Based upon and subject to the foregoing, we are of the opinion that:

1.    With respect to any Primary Common Shares to be offered by the Company pursuant to the Registration Statement (including any Common Shares that may be issued as part of Units or upon settlement, exercise, conversion or exchange, or otherwise pursuant to the terms, of any other Securities) (the “Offered Primary Common Shares”), when (i) the Registration Statement has become effective under the Securities Act, (ii) an appropriate Prospectus Supplement or term sheet with respect to the Offered Primary Common Shares has been prepared, delivered and filed in compliance with the Securities Act and the applicable rules and regulations thereunder, (iii) the Company’s board of directors (the “Board”), including any appropriate committee appointed thereby, and appropriate officers of the Company have taken all necessary corporate action to approve the issuance of the Offered Primary Common Shares, the consideration to be received therefor and related matters (and such action is in full force and effect at all



April 6, 2023
Page 3


times at which the Offered Common Shares are offered or sold by the Company), (iv) the terms of the issuance and sale of the Offered Primary Common Shares have been duly established in conformity with the organizational documents of the Company, so as to not violate any applicable law or result in a default under or breach of any agreement or instrument binding upon the Company and so as to comply with any requirement or restriction imposed by any court or governmental body having jurisdiction over the Company and (v) certificates in the form required under the laws of the State of Delaware representing the Offered Primary Common Shares are duly executed, countersigned, registered and delivered, or such Offered Primary Common Shares are credited in the Direct Registration System of the Depository Trust Company (“DTC”), upon payment of the agreed upon consideration therefor, the Offered Primary Common Shares, when issued and sold in accordance with the applicable underwriting agreement with respect to the Offered Primary Common Shares or any other duly authorized, executed and delivered valid and binding purchase or agency agreement, will have been duly authorized, and such shares will be validly issued, fully paid and non-assessable.

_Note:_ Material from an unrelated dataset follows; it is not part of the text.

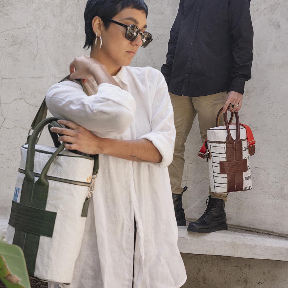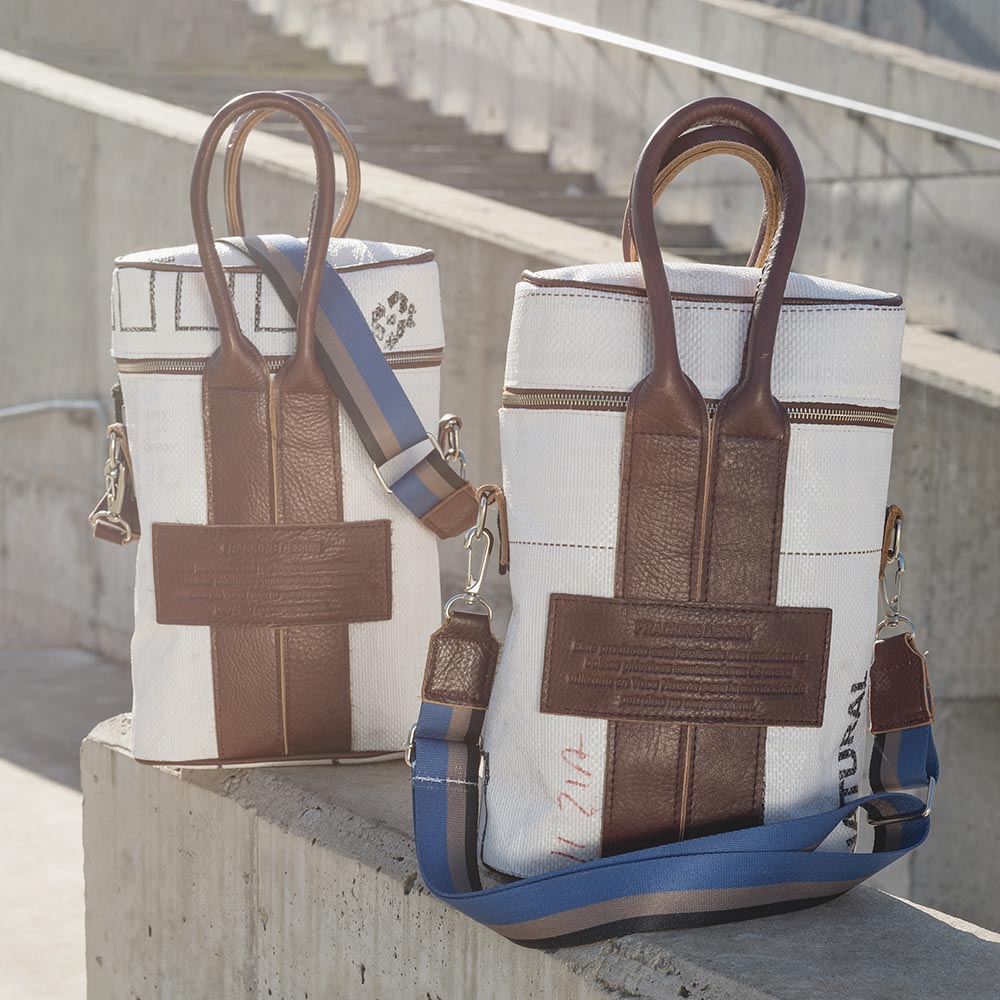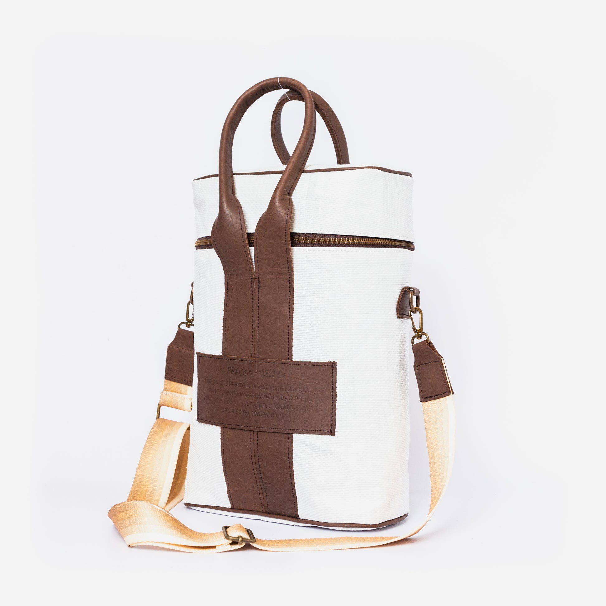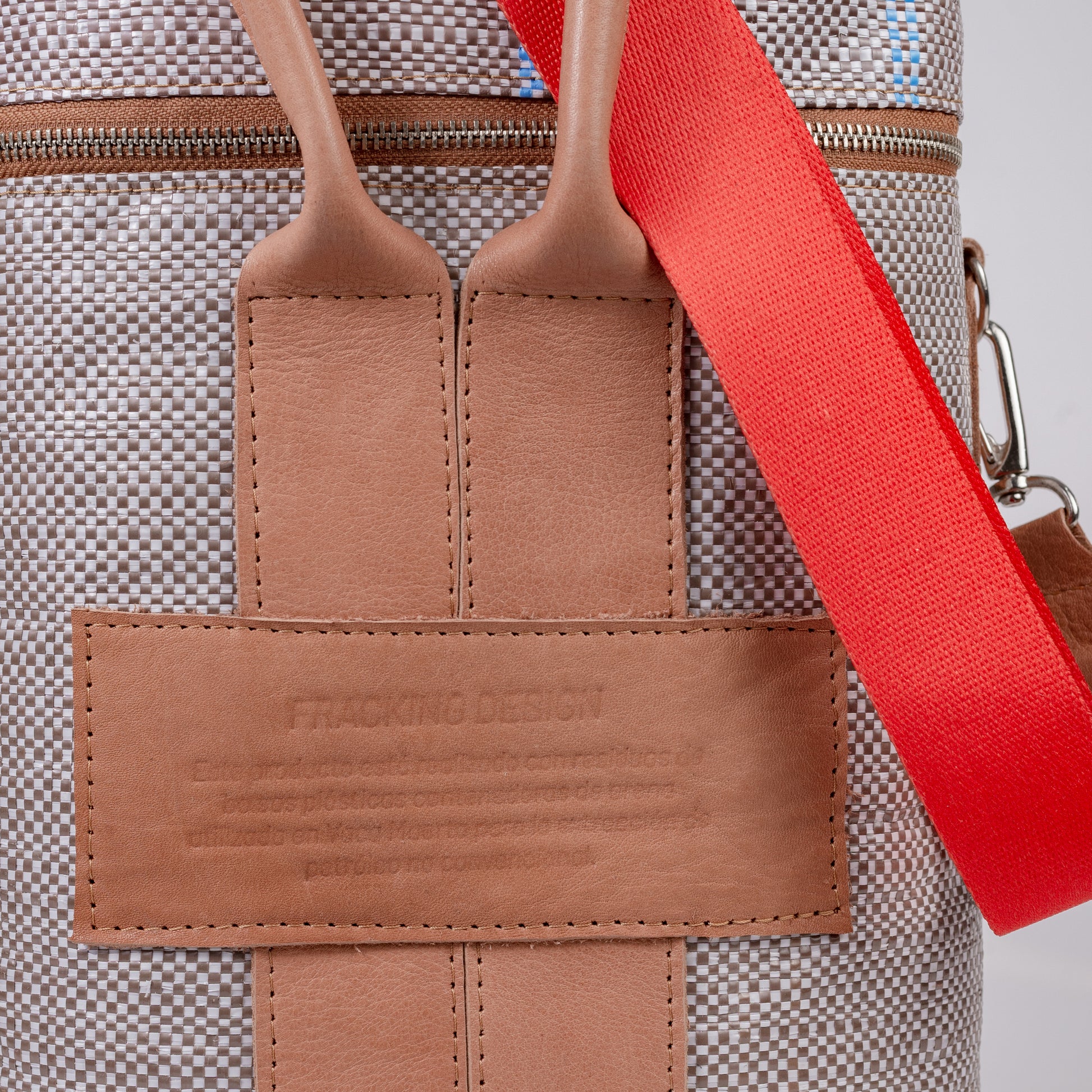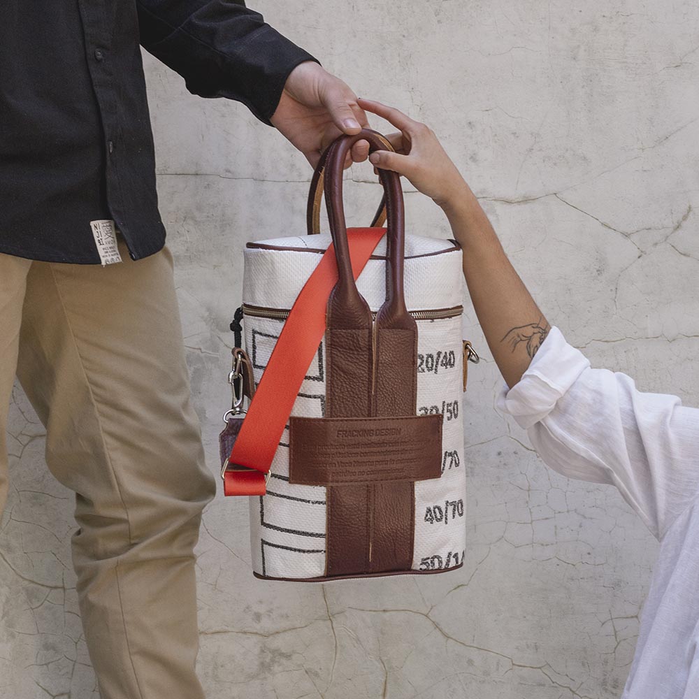 Materials: Made with Recycled Plastic Big Bags from Vaca Muerta, Patagonia Argentina, combined with Cowhide leather from discards.
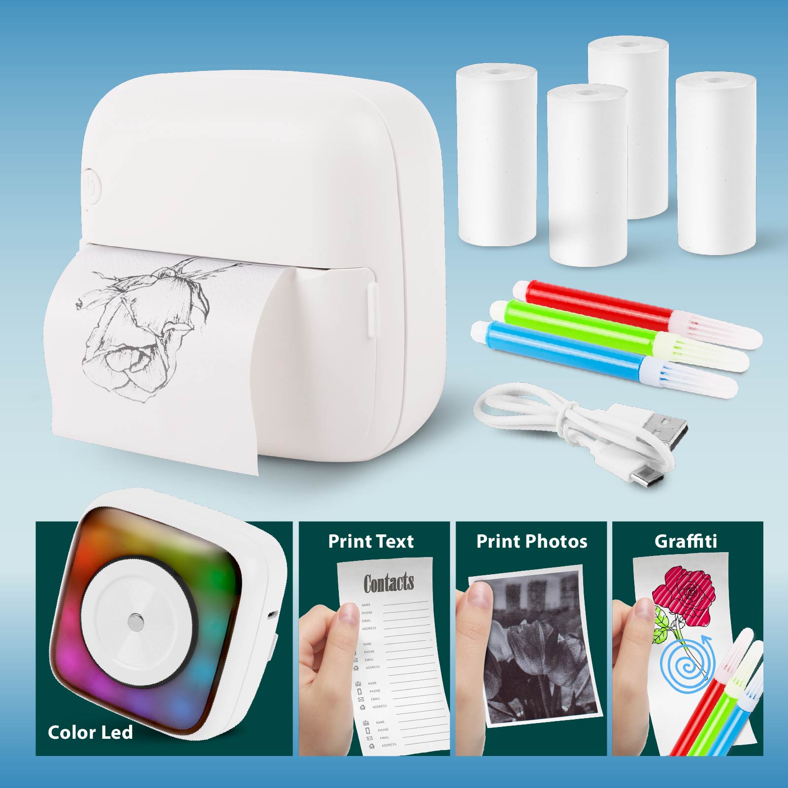- Accessories : 3 Color Markers, 4 Rolls of Printing Paper, USB to TypeC Cable

2.    With respect to any Preferred Shares to be offered by the Company pursuant to the Registration Statement (including any Preferred Shares that may be issued as part of Units or upon settlement, exercise, conversion or exchange, or otherwise pursuant to the terms, of any other Securities) (the “Offered Preferred Shares”), when (i) the Registration Statement has become effective under the Securities Act, (ii) an appropriate Prospectus Supplement or term sheet with respect to the Offered Preferred Shares has been prepared, delivered and filed in compliance with the Securities Act and the applicable rules and regulations thereunder, (iii) the Board, including any appropriate committee appointed thereby, and appropriate officers of the Company have taken all necessary corporate action to approve the issuance, terms and sale of the Offered Preferred Shares, the consideration to be received therefor and related matters (and such action is in full force and effect at all times at which the Offered Preferred Shares are offered or sold by the Company), (iv) a certificate of designation conforming to the laws of the State of Delaware regarding such series of Preferred Shares has been filed with, and accepted for record by, the Secretary of State of the State of Delaware, (v) the terms of the Offered Preferred Shares and of their issuance and sale have been duly established in conformity with the terms of the particular series as established by the Board, so as not to violate any applicable law, the organizational documents of the Company or result in a default under or breach of any agreement or instrument binding upon the Company and so as to comply with any requirement or restriction imposed by any court or governmental body having jurisdiction over the Company, and (vi) certificates in the form required under the laws of the State of Delaware representing the Offered Preferred Shares are duly executed, countersigned, registered and delivered, or such Offered Preferred Shares are credited in the Direct Registration System of DTC, upon payment of the agreed-upon consideration therefor, the Offered Preferred Shares, when issued or sold in accordance with the applicable underwriting agreement or any other duly authorized, executed and delivered valid and binding purchase or agency agreement, will have been duly authorized, and such shares will be validly issued, fully paid and nonassessable.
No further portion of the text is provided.